On pourrait lui dresser une stèle funéraire et mémorielle, mais Jean-Loup Trassard a préféré écrire une agréable et érudite défense et illustration de cette langue, si longtemps méprisée et discréditée, qu'il parle, avec une certaine gourmandise, depuis l'enfance.
Il explique :
(...) J'avais l'impression, en mâchant ces mots-là, de produire des sons qui furent mêlés à la terre quand s'inscrivaient les premières ornières ou qu'étaient taillés les premiers champs puis, plus tard, finie la vaine pâture, élevés et battus à la pelle les talus de nos haies.
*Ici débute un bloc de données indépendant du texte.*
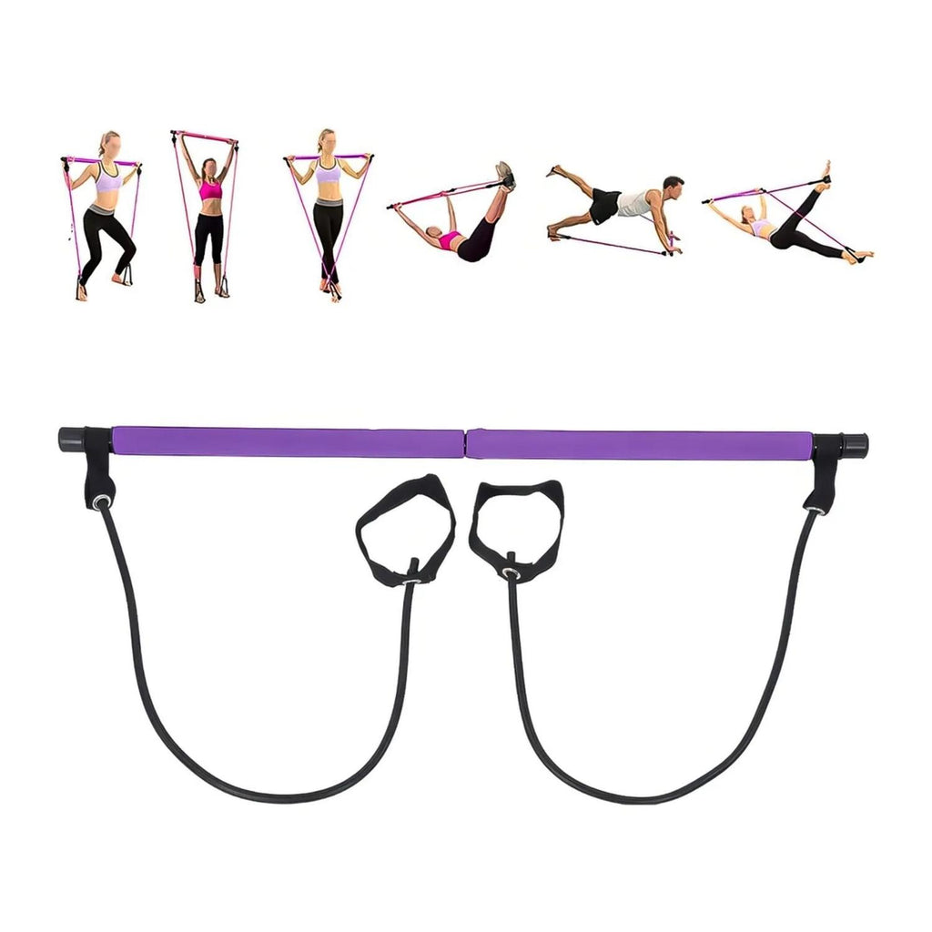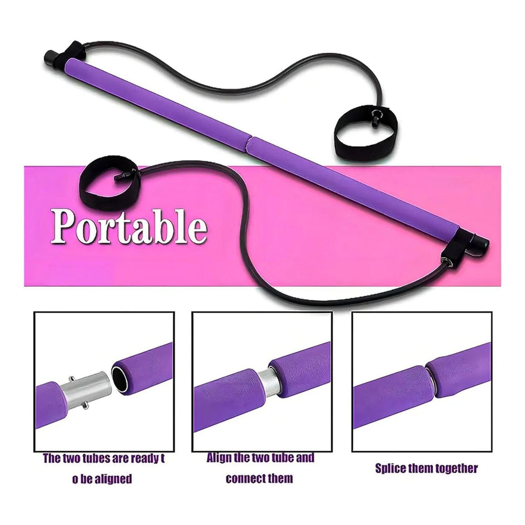 Consigue un entrenamiento de cuerpo completo con esta barra y bandas elásticas, ideal para Pilates, yoga, estiramiento y tonificación de bajo impacto. Diseñada para desarrollar un núcleo fuerte, abdominales planos y músculos largos y tonificados, permite un entrenamiento funcional que protege tus articulaciones y se enfoca en el cuerpo en cada movimiento.

Là se rencontrent, en effet, et côtoient, parmi charrois, cultures, défrichements à la hache, à la houe, les racines gauloises et latines, graines semées entre les bruits de sabots et d'écuelles dans l'oreille des enfants, moisson par la génération suivante à la bouche de ses père et mère, patois issu du patois, soupirs, silences qui en disent long. Car tout est lié, le caractère des gens et l'ouvrage. agricole, les champs, chemins et fermes dispersées, les bêtes, les plantes, nous ensemble dans le temps humide, où le patois devient peut-être le langage des bêtes qui courent la nuit dans nos cultures. On parlait bien patois au chien, aux vaches, aux chevaux de trait (les tracteurs, eux, ne comprennent rien). Langage rapide, lettres avalées – la façon même de prononcer embrouille l'oreille du visiteur – langage pesant, dont l'accent tourne une terre profonde et se frotte aux écorces, où parfois la phrase non terminée disparaît dans le chemin qu'elle semblait creuser.
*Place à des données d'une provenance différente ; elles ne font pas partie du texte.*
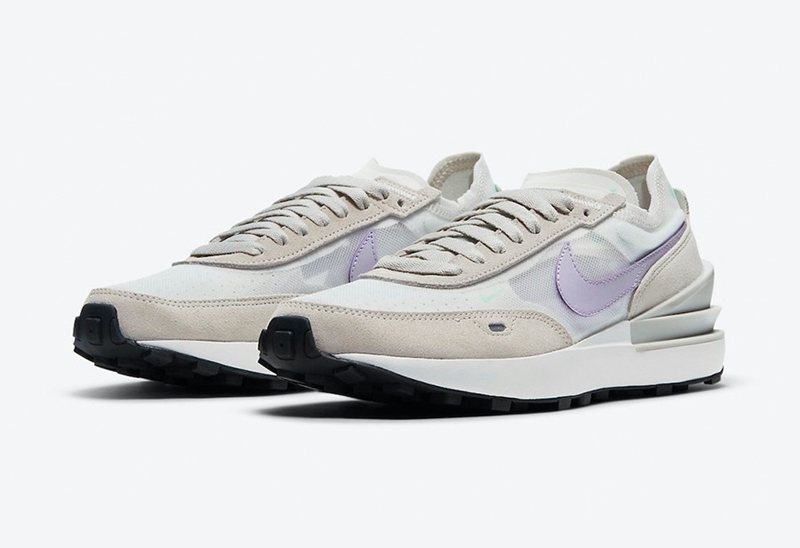 前段时间 Nike 推出了全新的 Waffle One 鞋型,外观上几乎与 Sacai 联名鞋一模一样,同样采用 Daybreak 为蓝本,白色的网眼鞋面搭配米色麂皮鞋头,质感低调且高级。

J'ai toujours tentation de laisser de telles sonorités un peu résonner dans ce que j'écris, comme si cette musique augmentait la présence de la campagne sur ma page pourtant muette.
Ce beau livre - aux éditions Le Temps qu'il fait, les livres sont tous beaux - est illustré de superbes photographies de l'auteur.
(Car Jean-Loup Trassard est aussi un grand photographe.)
Mais, comme le passage sur écran dénaturerait la richesse de leurs dégradés, je préfère insérer ici - par association avec la couverture de son livre, sans doute - une image plus ancienne qui représente, selon la légende du carnet où elle a été conservée, « la vieille cuisine de la ferme ».
C'est dans cette ferme qu'était né mon père.
On devait alors y parler aussi une sorte de patois...
Collection personnelle, cela va de soi...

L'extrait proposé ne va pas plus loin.